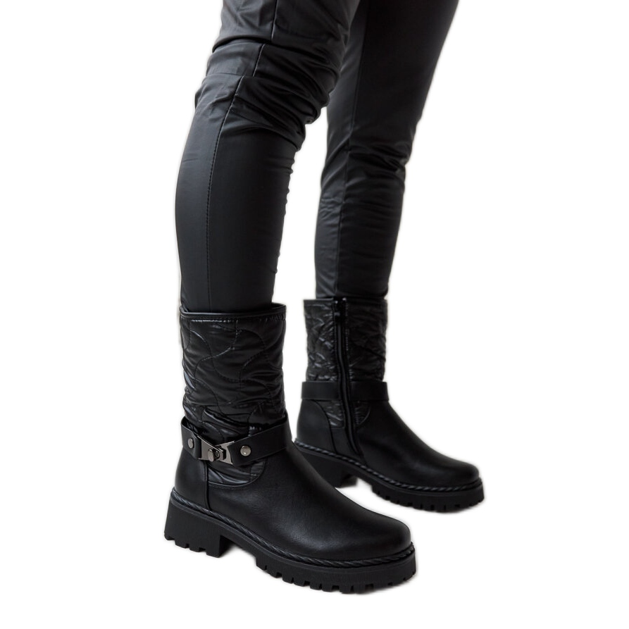 Részletek: Fekete szigetelt bokacsizma dekoratív Lido pánttal
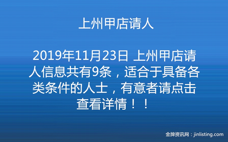 上州甲店请人
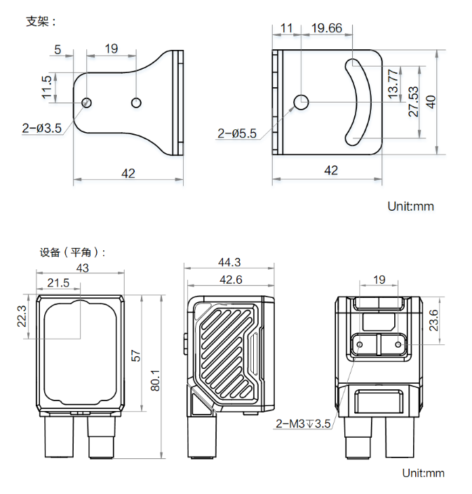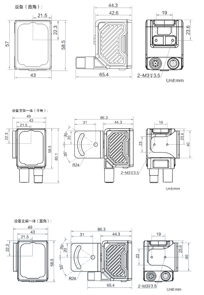 外形尺寸 | 平角:80.1 mm × 43 mm × 44.3 mm 直角:58.5 mm × 43 mm × 65.4 mm |

#### [Task item]
Word for word, write out the whole listing, keeping none of the pictures.

#### [Answer space]
 Részletek: Fekete szigetelt bokacsizma dekoratív Lido pánttal
 上州甲店请人
 外形尺寸 | 平角:80.1 mm × 43 mm × 44.3 mm 直角:58.5 mm × 43 mm × 65.4 mm |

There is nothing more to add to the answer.